DATASET I have to import the Titanic survival data set from: website [http://www.personal.psu.edu/dlp/w540/titanic540.csv]
I have to load all necessary packages. I don’t want to display any warning signs.
library(utils)
library(datasets)
library(magrittr)
library(dplyr)
##
## Attaching package: 'dplyr'
## The following objects are masked from 'package:stats':
##
## filter, lag
## The following objects are masked from 'package:base':
##
## intersect, setdiff, setequal, union
- This is a large data set (1309 observations), so I have chosen to hide the results. I don’t want to print all 1309 observations.

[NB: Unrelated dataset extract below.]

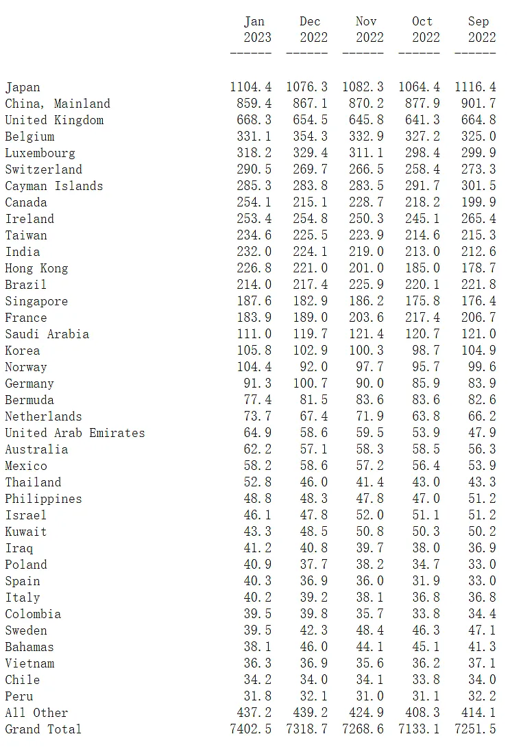 下面这个图,网友们应该很熟悉吧。这是包罗南生在内的各大自媒体分享出来的“美债持有国家、地区数据表”。源自美国财政部,内里清楚地写明:日本是美债外洋地区最大持有者,我国大陆地区排第二。 英国持有的美债凌驾6600亿美元,排第三;比利时、卢森堡、瑞士、开曼群岛、加拿大、爱尔兰、我国台湾、印度、我国香港、巴西、新加坡、法国、沙特、韩国、挪威等也是美债紧张持有者。 持有美债数量较低的有哥伦比亚、瑞典、巴哈马群岛、越南、智利和秘鲁,持有金额分别为395亿美元、395亿美元、381亿美元、363亿美元、342亿美元、318亿美元——最低都凌驾了300亿。 这分析另有许多持有200多亿、100多亿、几十亿、几亿或更少金额的国家、地区,并没有出现在名单上。形成了暗昧区,给谎言产生了滋养土壤——有人开始编造俄罗斯持有美债数据了。 俄罗斯持有的美债毕竟有多少呢? 网络上流传的俄罗斯持有美债数据较为驳杂,有几十亿美元,几亿美元,也有数千万美元……,这让那些“喜好字斟句酌,寻求数据精准的网友产生了困扰”。 现实上,各大媒体分享出来的美债数据表,通常只是美国财政部公布出来的“涵盖美国国债紧张外国持有人表”,反面还跟随着经常被忽视的“近期持有美债国家、地区的详情数据表”(如下图)。 隐蔽的这个表擦?鲱为风雅的,以英国为例:紧张持有人图表中给出的英国持有美债数额为6683亿美元;更加风雅的图表中给出的,英国持有美债数额为6682.98亿美元,准确到百万美元级别。 这个更加风雅的详情图表中,给出了俄罗斯持有美债金额——制止到2023年1月份为6700万美元左右。此中1300万美元是美国财政部发行的短期债券,5400万美元属于长期债券。 南生留意到,俄罗斯持有的美债数量在2010年10月份曾到达1763亿美元,属于美国国债的紧张持有者。但自2014年的克里米亚危急后,美国、欧洲等西方经济体不停施压,多次制裁。 俄罗斯持有的美债数量就进入到快速缩水通道——到2022年1月份,俄罗斯持有的美元已大幅缩减至45亿左右。俄乌辩论加剧后,俄罗斯在西欧的资产多次被冻结,持有美债的风险加大。 网络上乃至出现了“美国大概会公布俄罗斯持有的美国国债无效”等言论,穆迪、惠誉、标准普尔等评级机构多次对俄罗斯经济给出了负面评价,连续“清仓式”甩卖美债,才符合通例逻辑。本文由南生撰写,无授权请勿转载、抄袭! |
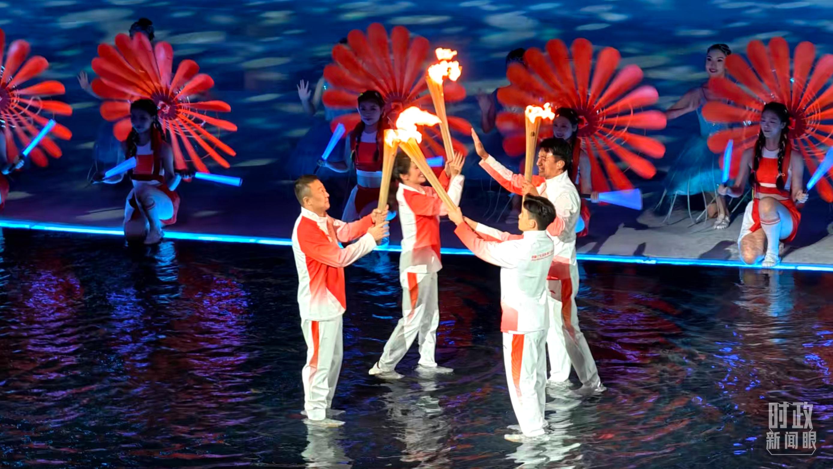 △第十五屆全運會主火炬點燃環(huán)節(jié)。(總臺央視記者范一鳴、蔣碩拍攝)

titanic <- read.csv("http://www.personal.psu.edu/dlp/w540/titanic540.csv")
titanic
To convert the data set, I need to use the tbl_df function in the tibble package. So I’ll load the package and use the function.
library(tibble)
## Warning: package 'tibble' was built under R version 3.4.1
titanic.tbl <- tbl_df(titanic)
titanic.tbl
## # A tibble: 1,309 x 8
## pclass survived sex age sibsp parch fare embarked
## <int> <int> <fctr> <int> <int> <int> <dbl> <fctr>
## 1 1 1 female 29 0 0 211.34 S
## 2 1 1 male 1 1 2 151.55 S
## 3 1 0 female 2 1 2 151.55 S
## 4 1 0 male 30 1 2 151.55 S
## 5 1 0 female 25 1 2 151.55 S
## 6 1 1 male 48 0 0 26.55 S
## 7 1 1 female 63 1 0 77.96 S
## 8 1 0 male 39 0 0 0.00 S
## 9 1 1 female 53 2 0 51.48 S
## 10 1 0 male 71 0 0 49.50 C
## # ... with 1,299 more rows
- I can do this in several different ways.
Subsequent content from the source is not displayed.